I remember you said you wanted to describe more of the properties of the buffer returned by seqcache_get_next_flush(). That would be nice here, because intuitively one would assume that the buffer is @bytes bytes long, which aligning here will exceed. (It’s fine, but it would be nicer if there was a comment that assured that it’s fine.)

+                         buf, 0);
+    if (ret < 0 && s->compressed_flush_ret == 0) {
+        /*
+         * The data that was "written" earlier is lost.
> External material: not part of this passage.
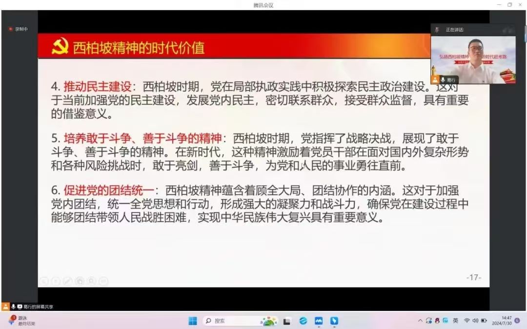 为学习贯彻落实党的二十届三中全会精神,激发学生党员进一步全面深化改革、推进中国式现代化的决心和毅力,7月30日,青言青语宣讲团面向智感机器人师生党支部的全体学生党员开展西柏坡精神宣讲暨党小组专题活动。活动由学生党员陈大嶶组织,学生党员、宣讲团成员葛行主讲,教师党员张佳婧主持。西柏坡精神是在伟大的革命实践中凝结而成的,对当下仍然具有重大而深远的意义。葛行同志以细致讲解和积极互动的方式,带领大家走进了西柏坡那段波澜壮阔的历史。他结合我们当前进一步全面深化改革、推进中国式现代化的任务,多角度、全方位地进行讲述了西柏坡精神的形成背景、内涵、时代价值以及西柏坡地方特色。在他的精心讲述下,西柏坡故事变得鲜活而生动,让党员同志们深受触动。

We don't want to
+         * care with storing it somehow to retry flushing later.

Yeah, there is little point in trying something like writing it again and again in the hope that maybe at some point it’ll work.

It is a shame that the error isn’t returned by the original compressed write, but what can you do.

                                                                  Also, how much
+         * data will we have to store, if not drop it after failed flush?
+         * After this point qcow2_co_flush_compressed_cache() (and
+         * qcow2_flush_compressed_cache()) never return success.
+         */
+        s->compressed_flush_ret = ret;
+    }
+
+    seqcache_discard_cluster(s->compressed_cache, offset);
+
+    qcow2_inflight_writes_dec(bs, offset, bytes);
+
+    return ret < 0 ? ret : 1;
+}
+
+int coroutine_fn qcow2_co_flush_compressed_cache(BlockDriverState *bs)
+{
+    BDRVQcow2State *s = bs->opaque;
+
+    if (s->compressed_cache) {
+        uint64_t nb_clusters = seqcache_nb_clusters(s->compressed_cache);
+
+        /*
+         * If parallel writes are possible we don't want to loop forever. So
+         * flush only clusters available at start of flush operation.
+         */
+        while (nb_clusters--) {
+            qcow2_co_compressed_flush_one(bs, true);
+        }
+    }
+
+    return s->compressed_flush_ret;
+}
+
  static int qcow2_inactivate(BlockDriverState *bs)
  {
      BDRVQcow2State *s = bs->opaque;
@@ -2667,6 +2757,13 @@ static int qcow2_inactivate(BlockDriverState *bs)
                            bdrv_get_device_or_node_name(bs));
      }
+ ret = qcow2_flush_compressed_cache(bs);
+    if (ret) {
+        result = ret;
+        error_report("Failed to flush the compressed write cache: %s",
+                     strerror(-ret));
+    }
+
      ret = qcow2_cache_flush(bs, s->l2_table_cache);
      if (ret) {
          result = ret;
@@ -2699,6 +2796,12 @@ static void qcow2_close(BlockDriverState *bs)
          qcow2_inactivate(bs);
      }
+ /*
+     * Cache should be flushed in qcow2_inactivate() and should be empty in
+     * inactive mode. So we are safe to free it.
+     */
+    seqcache_free(s->compressed_cache);
+
      cache_clean_timer_del(bs);
      qcow2_cache_destroy(s->l2_table_cache);
      qcow2_cache_destroy(s->refcount_block_cache);
@@ -4558,18 +4661,42 @@ qcow2_co_pwritev_compressed_task(BlockDriverState *bs,
          goto fail;
      }
- qcow2_inflight_writes_inc(bs, cluster_offset, out_len);
+    if (s->compressed_cache) {

Why is this conditional?

+        /*
+         * It's important to do seqcache_write() in the same critical section
+         * (by s->lock) as qcow2_alloc_compressed_cluster_offset(), so that the
+         * cache is filled sequentially.
+         */

Yes.

+        seqcache_write(s->compressed_cache, cluster_offset, out_len, out_buf);
- qemu_co_mutex_unlock(&s->lock);
+        qemu_co_mutex_unlock(&s->lock);
- BLKDBG_EVENT(s->data_file, BLKDBG_WRITE_COMPRESSED);
-    ret = bdrv_co_pwrite(s->data_file, cluster_offset, out_len, out_buf, 0);
+        ret = qcow2_co_compressed_flush_one(bs, false);

The qcow2 doc says a compressed cluster can span multiple host clusters. I don’t know whether that can happen with this driver, but if it does, wouldn’t that mean we’d need to flush two clusters here? Oh, no, never mind. Only the first one would be finished and thus flushed, not the second one.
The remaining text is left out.